To gain more insights into the role of Sh3Pxd2b, we performed bulk RNA sequencing transcriptomic analysis on whole-mount skulls from pN15 mice. In principal component analysis, samples from WT and mutant mice clustered distinctly, with more dispersion in the WT group (Fig. 6A). The volcano plot in Fig. 6B demonstrates a greater number of significantly upregulated than downregulated genes in the mutant group compared to the WT group. An adjusted P-value cut-off of 0.05 and a FC cut-off of ±1 was chosen.

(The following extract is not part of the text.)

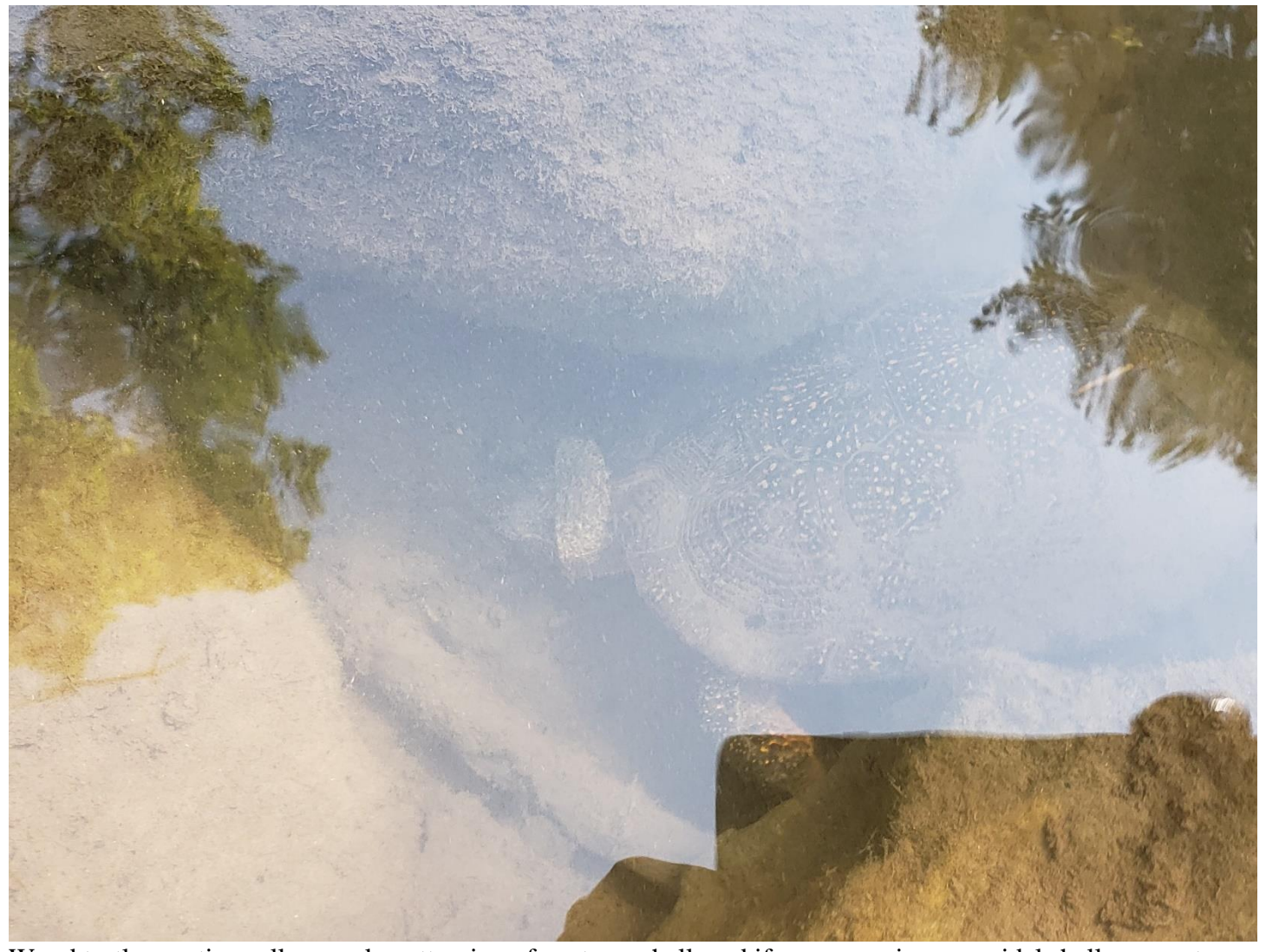
Wood turtle—notice yellow neck, patterning of spots on shell, and if you zoom in, pyramidal shell segment layering

Ribosome biogenesis is impaired. (A) Principal component analysis with 80% variance in PC1 and 5% variance in PC2, demonstrating clear differences between the WT and mutant mice samples. (B) Volcano plot showing log2(FC) versus −log10(P-value) with an FC cut-off of ±1 and P-value cut-off of 0.05. We observed greater number of significantly upregulated than downregulated genes in the mutant group compared to the WT group. Circle and arrow mark genes of interest. (C) Gene set enrichment analysis using KEGG pathway database 2019 of differentially expressed genes between WT and Sh3Pxd2bnee−/− mice showing enrichment of ribosome and ribosome biogenesis pathways. (D) Table depicting the 50 most differentially expressed genes downregulated in the mutant mouse gene sets, revealing downregulation of SNORD genes and nuclear-encoded ribosomal RNA 5S (e.g. n-R5s128) in skulls of Sh3Pxd2bnee−/− mice. n=3 per group in RNA bulk sequencing. (E) Overlaid electropherograms from Agilent Bioanalyzer small RNA assay showing reduced small RNA concentration and microRNA proportion in Sh3Pxd2bnee−/− skulls at pN15. (F) Network analysis of downregulated genes involved in ribosome biogenesis grouped by molecular function.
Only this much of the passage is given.